**Supplied information**
^^^^^^^^
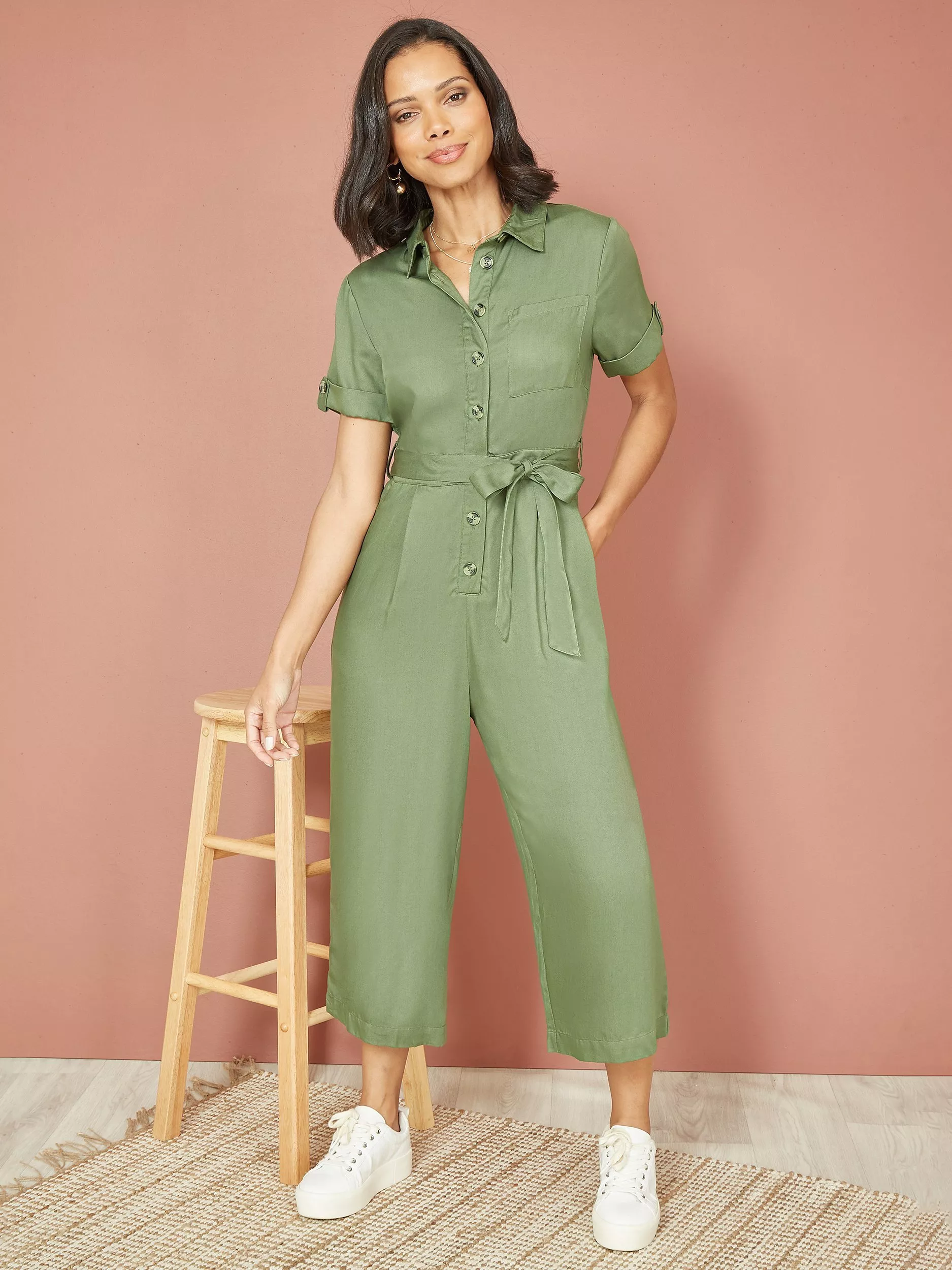 We love a versatile everyday jumpsuit and this one ticks all the boxes, made from lightweight viscose twill fabric for a practical and stylish fit. Design features include, button down fastening, wide leg cropped length, and pockets. Style with trainers or sandals for a relaxed look.
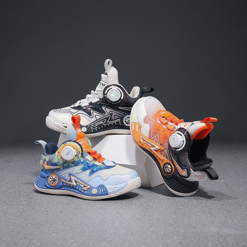 Boys Shoes Autumn And Winter Children's Professional Basketball Shoes Rotating Button Medium And Large Children's Little Boy Sports Shoes
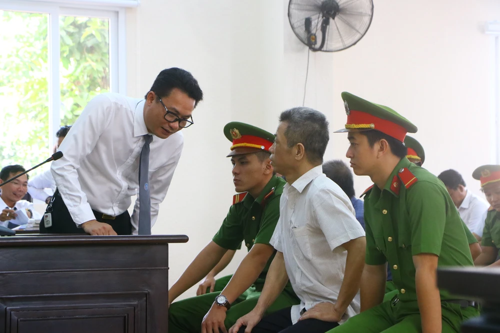 Luật sư trao đổi với bị cáo Khanh trong thời gian HĐXX hội ý. Ảnh: LÊ ÁNH
^^^^^^^^
**Task item**
Only the lines from the one that holds "Boys Shoes Autumn" through the final line of the material should be reproduced, word for word, with the pictures omitted.

**Task result**
 Boys Shoes Autumn And Winter Children's Professional Basketball Shoes Rotating Button Medium And Large Children's Little Boy Sports Shoes
 Luật sư trao đổi với bị cáo Khanh trong thời gian HĐXX hội ý. Ảnh: LÊ ÁNH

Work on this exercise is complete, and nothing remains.